((
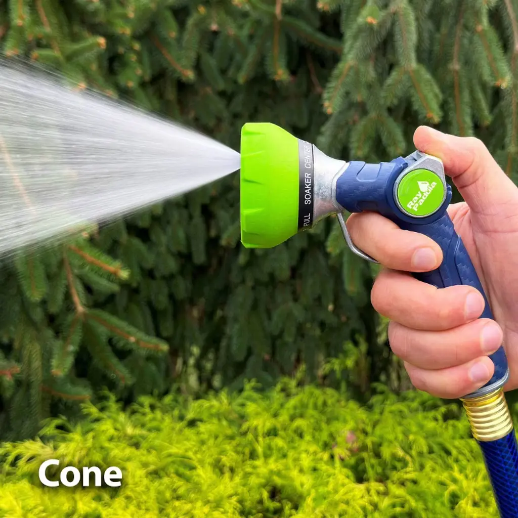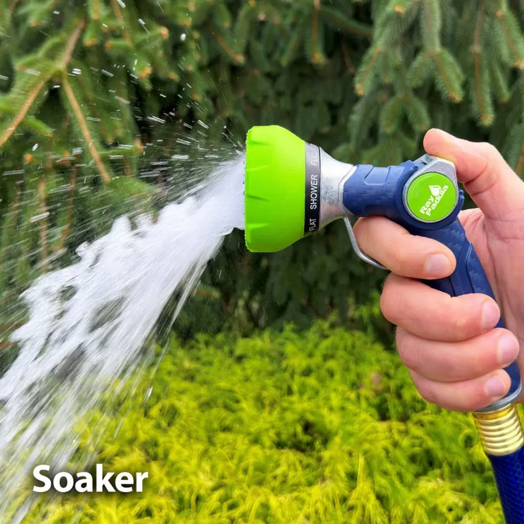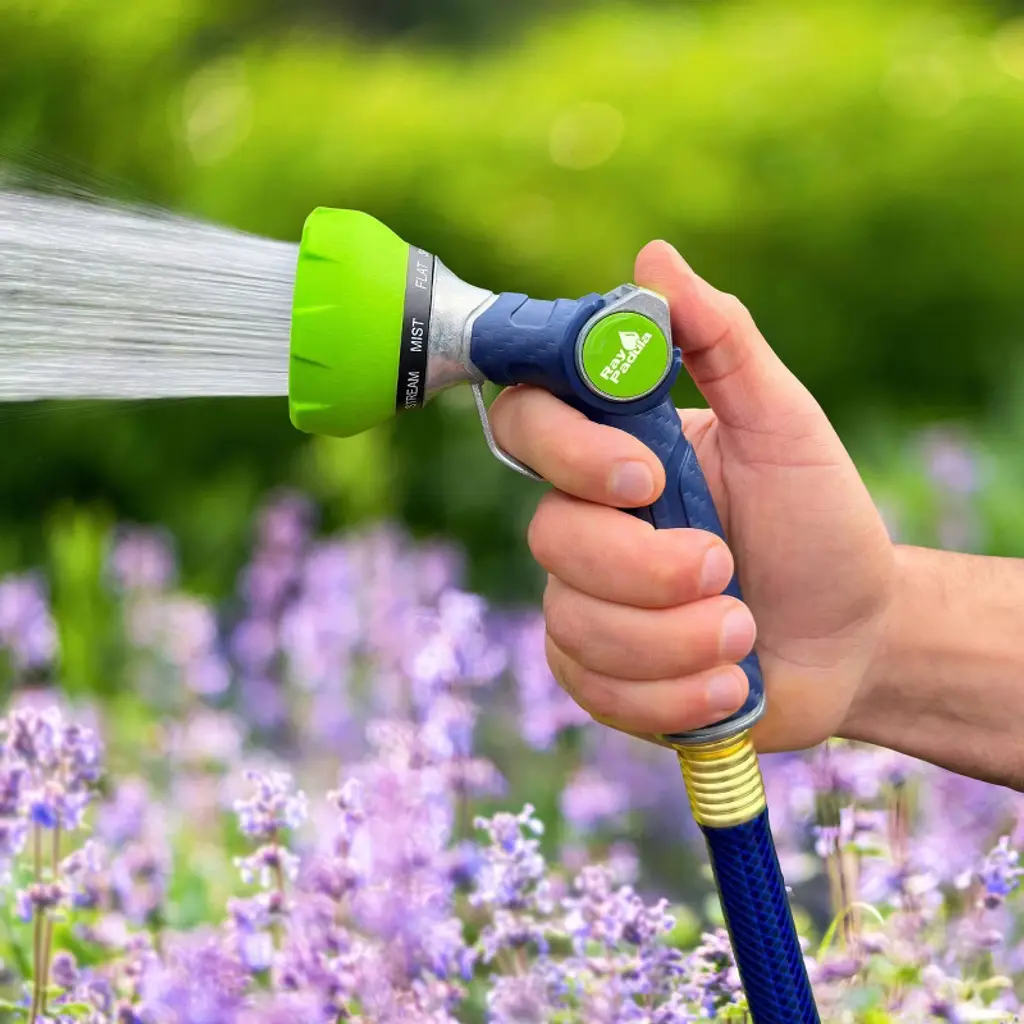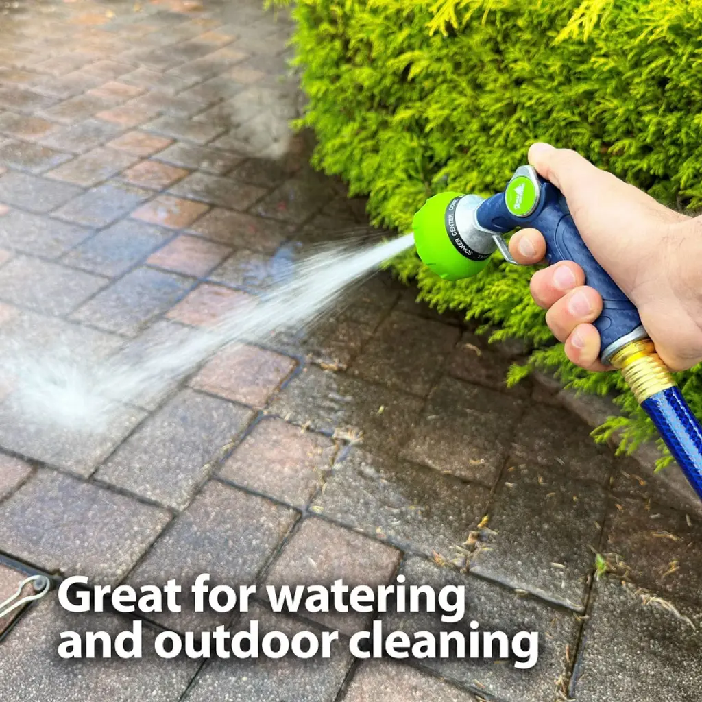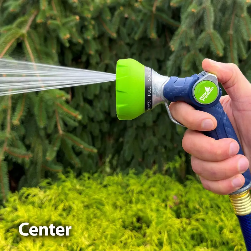 This all new, innovative Ray Padula Thumb Control 8-Pattern hose nozzle is a perfect choice when looking for a high-performing, dependable nozzle season-after-season. By simply rotating the EZGrip pattern dial, you can choose between 8 different watering patterns – one perfect for every task. Best of all, this nozzle features Ray Padula Thumb Control! This unique design allows you to turn your nozzle ON, OFF, and completely adjust water flow with a simple push of your thumb, and without having to walk back and forth to the faucet. With no triggers to squeeze, dials to press, or buttons to click, say goodbye to hand fatigue and strain while watering – a great feature for hands with limited grip strength. You’ll also enjoy the premium all metal construction, and modern Comfi-Grip body design created to reduce hand strain and provide a slip-resistant grip while watering. The unique metal loop even allows for easy storage of your nozzle in the garage or shed while not in use.
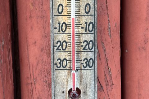かろうじてマイナスを示す温度計
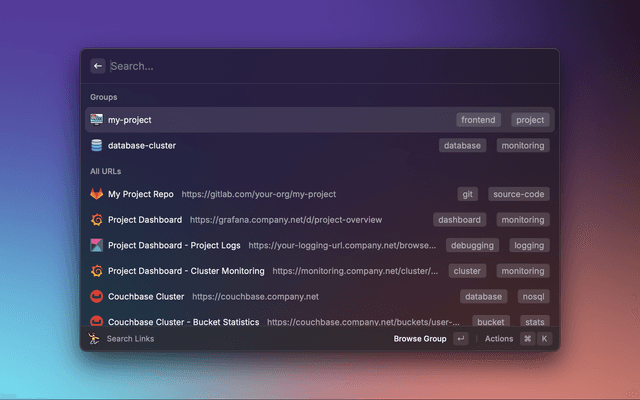 All product icons (e.g., GitLab, Grafana) are trademarks of their respective owners. They are used here solely to visually represent links to those services in a private productivity tool. This extension is not affiliated with or endorsed by any of the referenced companies.
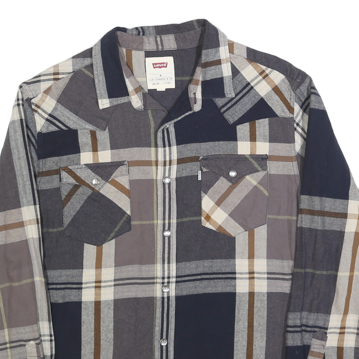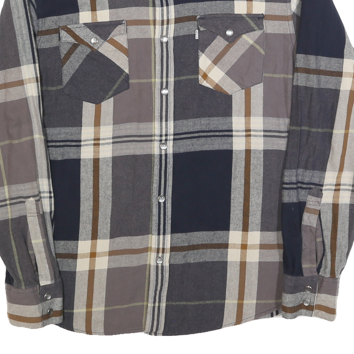 This Levi's mens shirt features a large checked pattern in shades of blue, brown, grey, and cream. It has a classic button-down front with silver-tone snap buttons and two front chest pockets with flaps and snaps. The shirt collar is a traditional point style, complementing the casual yet stylish aesthetic.
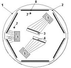 1 - вакуумная камера; 2 - вращающийся держатель подложки; 3, 4 - охлаждаемые водой мишени; 5 - источники ионно-лучевого распыления; 6 - источник ионного травления; 7 – компенсатор; 8 - подложки
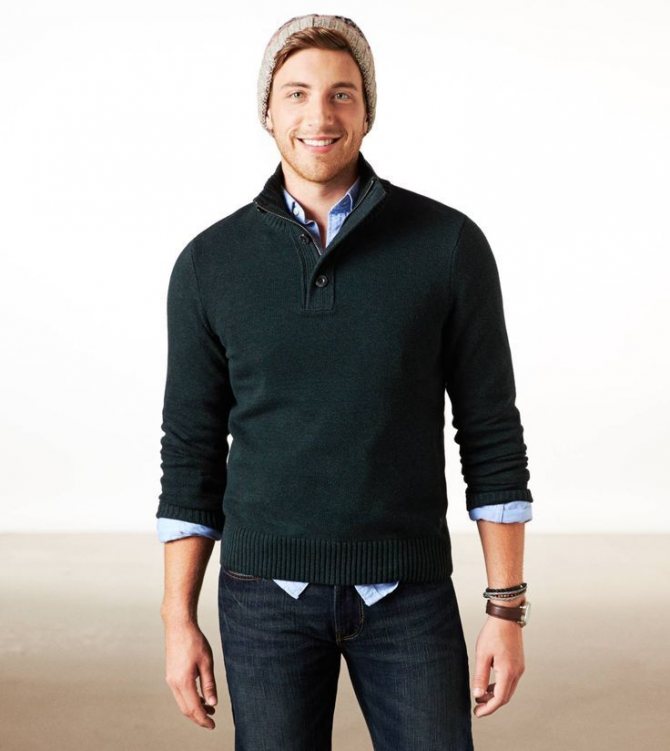 - Если вы надеваете свитер и рубашку, рукава рубашки должны быть спрятаны и не видны. Как вариант, сделать их вровень, чтобы не допустить свисания сжатого рукава свитера поверх жесткого манжета рубашки.
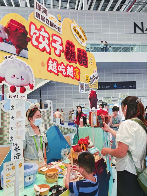 胖乎乎的餃子、圓墩墩的醋缸,摸一摸,毛絨絨的,手感柔順細滑。8月24日,第七屆山西文博會現(xiàn)場,位于山西瀟河國際會展中心N4館的文創(chuàng)山西展區(qū),永濟市晉韻原創(chuàng)文創(chuàng)工作室獨特而醒目的門頭——“餃子蘸醋 越吃越富”,吸引了眾多參觀者的目光。該工作室展出的餃子蘸醋系列毛絨文創(chuàng)產(chǎn)品,也受到參觀者的關(guān)注和喜愛。
))
Task to complete — Set down again, exactly, every line above from the one with "This Levi's mens" down to the one with "- Если вы надеваете", both ends included. No pictures, and nothing else.

Task response —
 This Levi's mens shirt features a large checked pattern in shades of blue, brown, grey, and cream. It has a classic button-down front with silver-tone snap buttons and two front chest pockets with flaps and snaps. The shirt collar is a traditional point style, complementing the casual yet stylish aesthetic.
 1 - вакуумная камера; 2 - вращающийся держатель подложки; 3, 4 - охлаждаемые водой мишени; 5 - источники ионно-лучевого распыления; 6 - источник ионного травления; 7 – компенсатор; 8 - подложки
 - Если вы надеваете свитер и рубашку, рукава рубашки должны быть спрятаны и не видны. Как вариант, сделать их вровень, чтобы не допустить свисания сжатого рукава свитера поверх жесткого манжета рубашки.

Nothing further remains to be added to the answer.